WHAT YOU HAVE TO DO: In the material below, the required lines run from the one containing "Scaun auto i-Size, Lionelo, Neal, Spatar" through the one containing "Zaproszenia ślubne Fiori - Składane Motyw 2". Copy those lines exactly, ends included, and nothing else.

PROVIDED RECORDS:

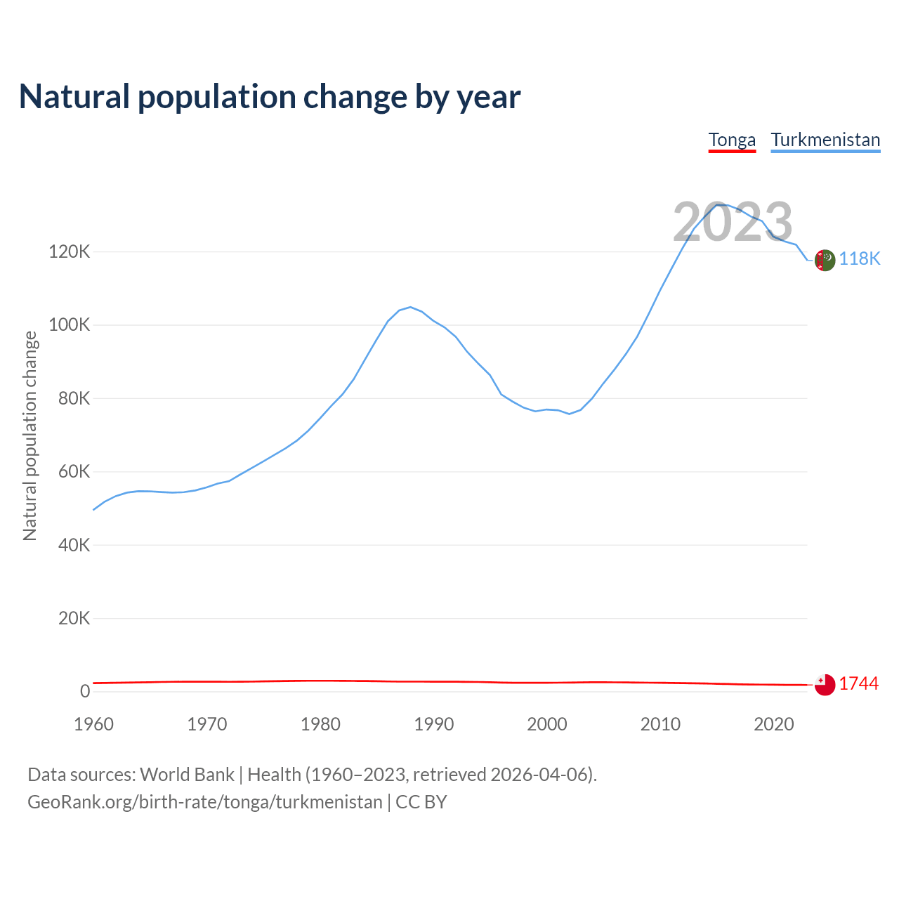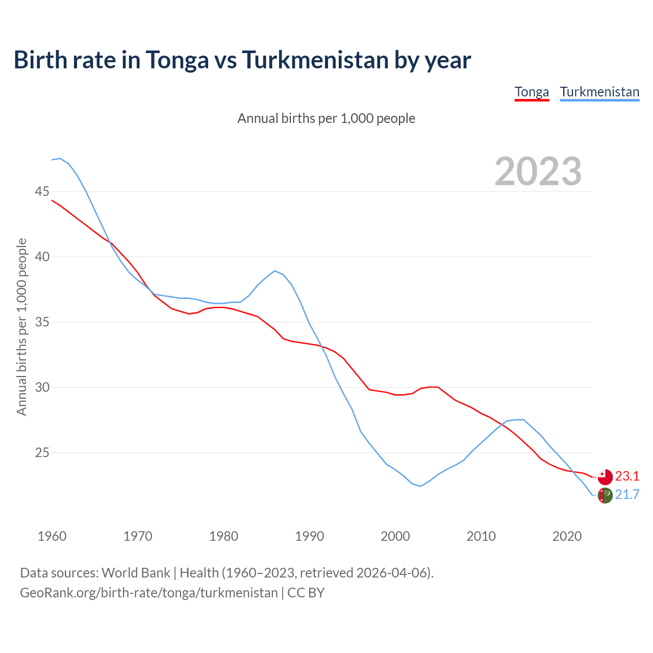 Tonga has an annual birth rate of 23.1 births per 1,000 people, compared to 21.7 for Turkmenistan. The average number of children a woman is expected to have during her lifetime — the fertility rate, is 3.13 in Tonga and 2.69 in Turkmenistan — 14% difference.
---
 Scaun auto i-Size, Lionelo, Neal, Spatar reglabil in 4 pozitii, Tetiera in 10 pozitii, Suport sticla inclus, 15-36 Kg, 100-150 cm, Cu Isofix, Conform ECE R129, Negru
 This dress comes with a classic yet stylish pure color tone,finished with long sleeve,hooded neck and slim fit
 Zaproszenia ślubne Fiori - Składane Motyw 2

YOUR RESPONSE:
 Scaun auto i-Size, Lionelo, Neal, Spatar reglabil in 4 pozitii, Tetiera in 10 pozitii, Suport sticla inclus, 15-36 Kg, 100-150 cm, Cu Isofix, Conform ECE R129, Negru
 This dress comes with a classic yet stylish pure color tone,finished with long sleeve,hooded neck and slim fit
 Zaproszenia ślubne Fiori - Składane Motyw 2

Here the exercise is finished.